Fear Friend and Foe
Fear can be a friend, if its an opportunity to develop courage. However, it can also be your enemy by preventing growth, new experiences and confidence gleaned from courage.Image courtesy of Stuart Miles at freedigitalphotos.net
Fear can be a natural response to a perceived or real threat. In this context, fear is obviously our 'friend'– it is protective. Fear envelops us, shielding us from being hurt physically or emotionally.
However, sometimes fear does not serve an adaptive purpose. An example would be if someone is afraid of meeting new people to the extent that new associations are avoided entirely. In this case it is maladaptive. This is because:
• Our fear response is self-reinforcing.
We perceive ourselves to be afraid by ‘watching our own behaviour’. Each time we avoid the subject or object of our fear, we prove to ourselves, in a manner, that we are indeed afraid.
• We are prevented from growing
For example if we are afraid of examinations to the extent that we avoided them entirely, we would always have this phobia. We wouldn’t learn not to fear tests. We wouldn’t learn that indeed we could cope; at the very least we wouldn’t learn that we had the courage to at least try, which would harmful to our self-concept.
Suppose we are afraid of public speaking. Talking in front of others could actually be seen as an opportunity to prove to ourselves we could and walk away with self-confidence. That is, growth.
• Fear may stop us from reaching our full potential
Even though nervousness is a natural response to a new job interview, if we were so afraid we didn’t even attend, we would never have a chance at being a successful applicant.
•Fear can prevent us from enjoying life fully
If we were preoccupied by a fear of snakes while trying bush walking, we may not ever have a new experience that we grew to enjoy.
(These are just examples – peoples’ fear response to various situations are unique, of course!)
When fear is not serving your best interests, there are a few things I’ve found to be helpful to deal with this dark shadow.
1. Be gentle on yourself.
If you are afraid anyway, there’s no use beating yourself up about it, because I know I feel worse, anyway!
2.. Weigh avoidance against facing the fear;
that is, the benefits of fighting your fear, versus the alternative of just sitting with it.
I’ve always been scared of rides at an amusement park that require me to gravitate many metres off the ground, such as rollercoaster rides and ferris wheels. While facing my fear and “doing it anyway” would be good for my self-confidence and self-respect, it just is not a practical or high priority thing to do.
However, a fear of talking to people (I am shy) can prevent me from sharing with other people. Obviously we meet people everywhere. This would be a fear I would fight. Everyone is different of course.
. You can try a technique of sudden immersion.
This means that say you are frightened of spiders.
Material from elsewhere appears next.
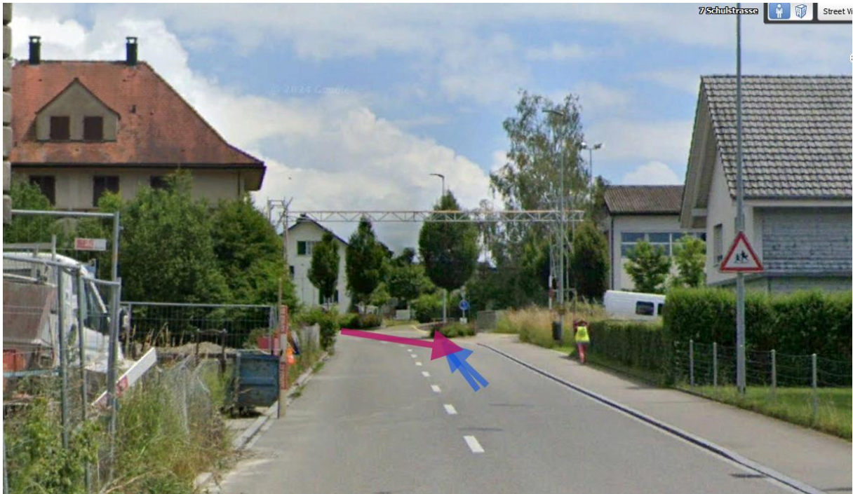
Schuleareal, street-view ist unterdrückt.

You could put your hold a (non poisonous!!) one in your hand with the guidance of someone who knows something about arachnids.
Sudden immersion or quickly facing your fear could be like jumping into really cold water all at once when you feel you’d like to inch in comfortably instead.
Using the example of spiders, you could first look at a picture of a spider, then
look at it in a jar, then touch it, and finally hold it.
Fears are useful. At two opposite ends of the spectrum it can serve as a friend to prevent us from harm. Or, fear can be a friend as tool to encourage personal development, courage and confidence.